Game Master LLM: Task-Based Role-Playing for Natural Slang Learning
Amir Tahmasbi, Milad Esrafilian, Judson Wright, Sooyeon Jeong, Aniket Bera
TL;DR
This paper addresses how to improve second-language learners' acquisition and spontaneous use of casual slang with an LLM-driven, task-based RPG. The authors implement a three-phase narrative game guided by a GPT-4o Game Master, paired with implicit and explicit feedback, to foster active spoken practice. In a between-subjects study with 14 participants, the RPG condition produced higher normalized gains in meaning and contextual usage of target phrases and greater active usage than a traditional AI classroom. Qualitative data further indicate enhanced engagement and perceived realism, suggesting narrative-driven LLM interactions can effectively support vocabulary acquisition in informal language contexts.
Abstract
Natural and idiomatic expressions are essential for fluent, everyday communication, yet many second-language learners struggle to acquire and spontaneously use casual slang despite strong formal proficiency.

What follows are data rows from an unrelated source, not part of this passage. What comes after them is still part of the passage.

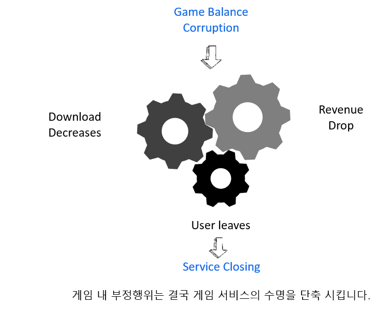게임 내 부정행위 중 가장 큰 비중을 차지하는 게임 재화의 조작은 게임 밸런스 붕괴를 불러오게 되며, 게임 내에서 밸런스 붕괴는 결국 기존 유저 이탈, 매출 감소 그리고 신규 고객 감소를 반복하게 됩니다. 이는 곧 게임서비스의 빠른 종료로 이어지게 됩니다.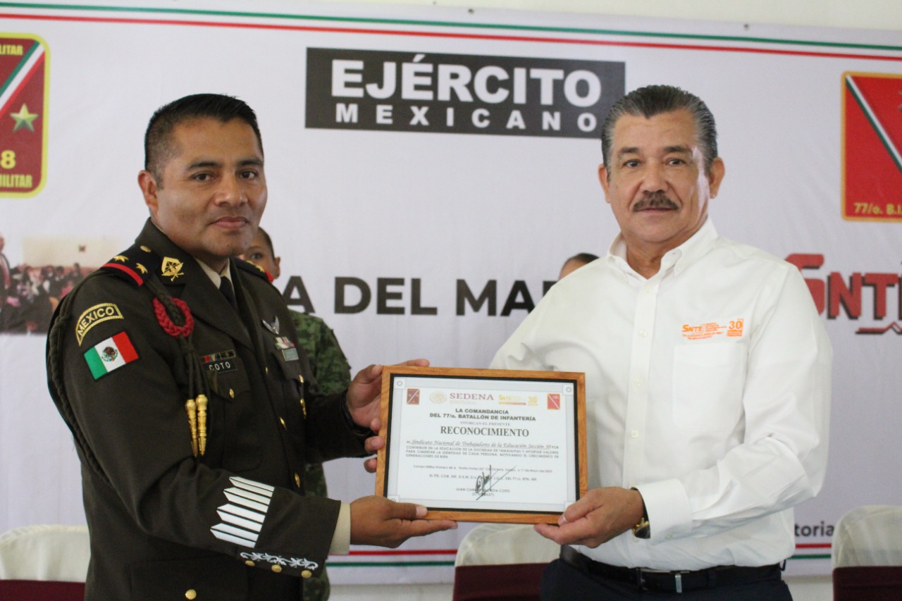 Dentro de las festividades por el “Día del Maestro” y en la coordinación que existe entre el Ejército Mexicano y en Sindicato Nacional de Trabajadores de la Educación, autoridades militares a través del 77/o batallón de Infantería hicieron un reconocimiento a los docentes por el trabajo y entrega en favor de la educación.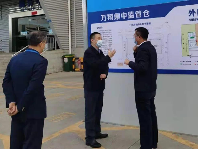 在廈門市湖里區(qū)進(jìn)口冷鏈?zhǔn)称啡f翔集中監(jiān)管倉(cāng),嚴(yán)效東一行重點(diǎn)檢查了集中監(jiān)管倉(cāng)的建設(shè)、運(yùn)行和制度落實(shí)情況,并看望慰問了湖里區(qū)市場(chǎng)監(jiān)管局駐倉(cāng)專職監(jiān)管人員。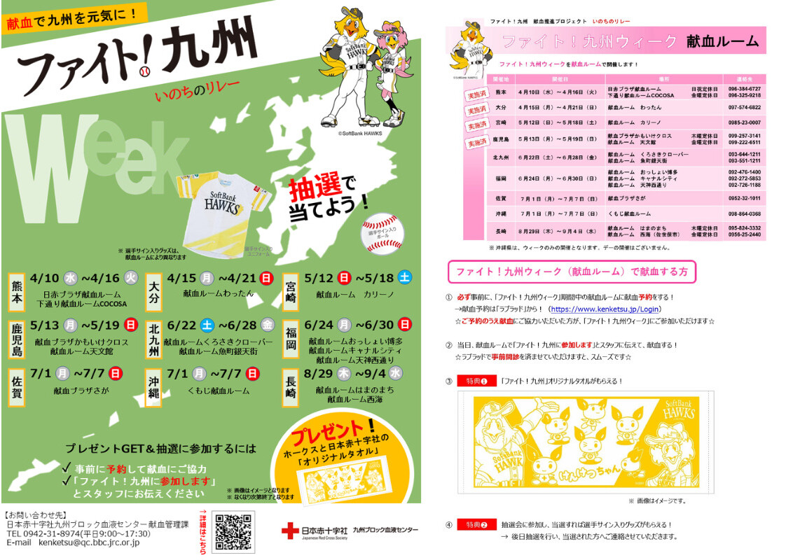 福岡県赤十字血液センターでは、福岡ソフトバンクホークスと協力し献血キャンペーンを実施します。21日(金)は、対マリーンズ戦。献血受付は12時~16時です。献血ルームくろさきクローバーと魚町銀天街では、22日(土)~28日(金)まで福岡ソフトバンクホークスと協力し献血キャンペーンを実施します。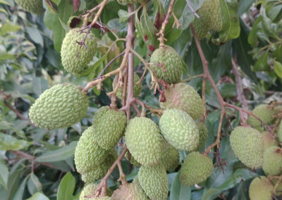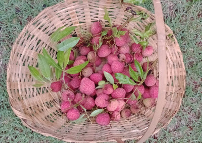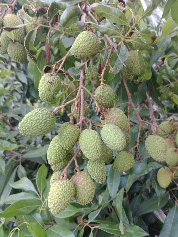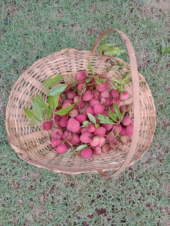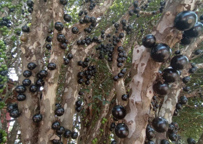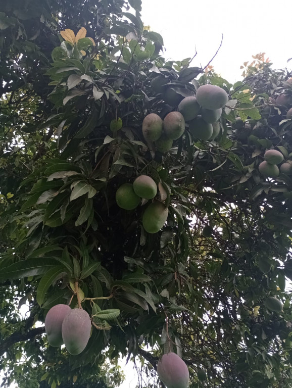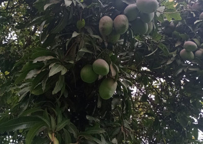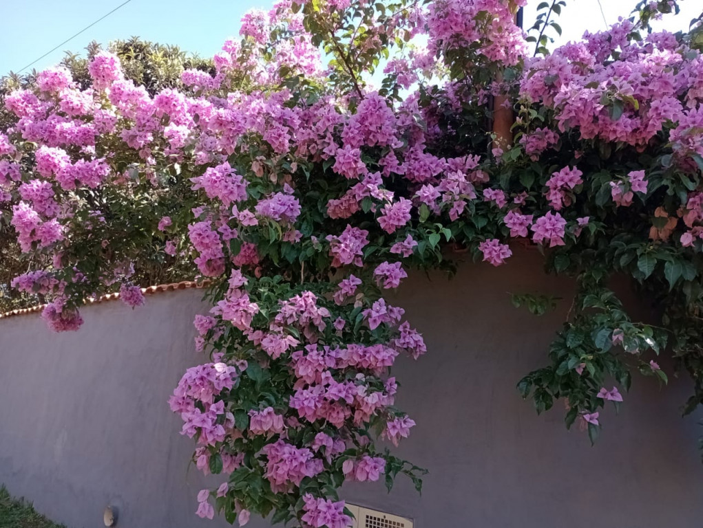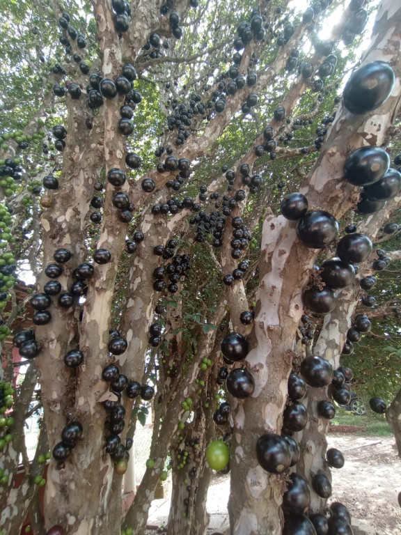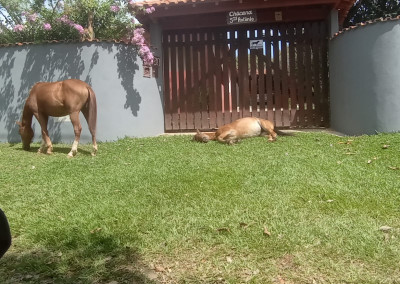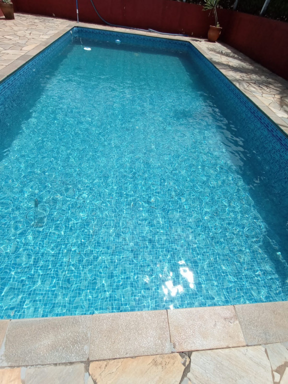 Área externa gramada ampla, com piscina, churrasqueira, área gourmet, pomar produzindo frutos, e canil.

To address this gap, we designed and evaluated an LLM-powered, task-based role-playing game in which a GPT-4o-based Game Master guides learners through an immersive, three-phase spoken narrative. After selecting five unfamiliar slang phrases to practice, participants engage in open-ended dialogue with non-player characters; the Game Master naturally incorporates the target phrases in rich semantic contexts (implicit input enhancement) while a dedicated Practice Box provides real-time explicit tracking and encouragement. Post-session, learners receive multi-level formative feedback analyzing the entire interaction. We evaluated the system in a between-subjects study with 14 international graduate students, randomly assigned to either the RPG condition or a control condition consisting of a traditional AI-led virtual classroom. Results from an immediate post-test show that the RPG group achieved greater gains in both comprehension of the target phrases and their accurate, contextual use in sentences. Quantitative analysis of in-activity word-usage frequency, combined with qualitative survey responses, further indicates that the game-based approach provided more practice opportunities and higher perceived engagement, resulting in a more natural learning experience. These findings highlight the potential of narrative-driven LLM interactions in vocabulary acquisition.